The paper deals with the conflicts between energy savings on the one side and a market economy on the other side. The current high emphasis on free markets is sometimes perceived, as if the goal should be a totally unregulated global market. On second thought nobody would probably subscribe to that model. It would disregard the main environ-mental problems, because they are basically collective and have a long-term effect, and none of these aspects are well cared for by a free market.

Energy savings are environmentally often superior to renewable energy, and should be treated correspondingly. A simple graphic model is used to illustrate the consequences of a government policy based on that criterion and economic rationality. For the sake of the environment, energy savings should be promoted to a level where the marginal cost per saved unit of energy is higher than the cost of providing a unit from renewable resources.

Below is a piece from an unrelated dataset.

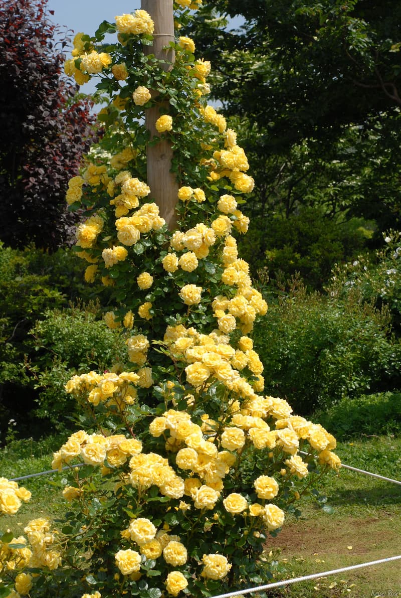 丈夫で育てやすく、樹勢が良いので、シュラブ状に伸びた枝をつるバラとして仕立てることもできます。
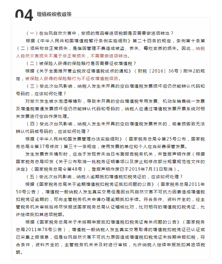 『政策解读』台风灾后,企业可以利用这些税收优惠政策 来源:求是和信网 日期:2019-08-15 10:48 发布人:qshx 浏览量: 1879 上一篇:税务新规下个人所得如何进行合法节税筹划? 下一篇:履行职责诉讼的类型和裁判方式研究

Those energy savings, which are cost-effective, can be considered a productivity increase. They will, through the rebound effect, tend to spur the economy in a society where production capacity is the limiting factor. In affluent societies, however, where consumption capacity or demand somehow is the constraint for growth in GDP, cost-effective energy savings seem to be in conflict with an aim for growth in general consumption. This will be illustrated by various cases.

Most experts would agree that GDP is a poor indicator of the welfare of people. Therefore attempts are made to adjust the GDP to better reflect at least the real economic welfare, for instance by what is termed the Genuine Progress Indicator, GPI. The general trend is that energy savings will reduce GDP and increase GPI.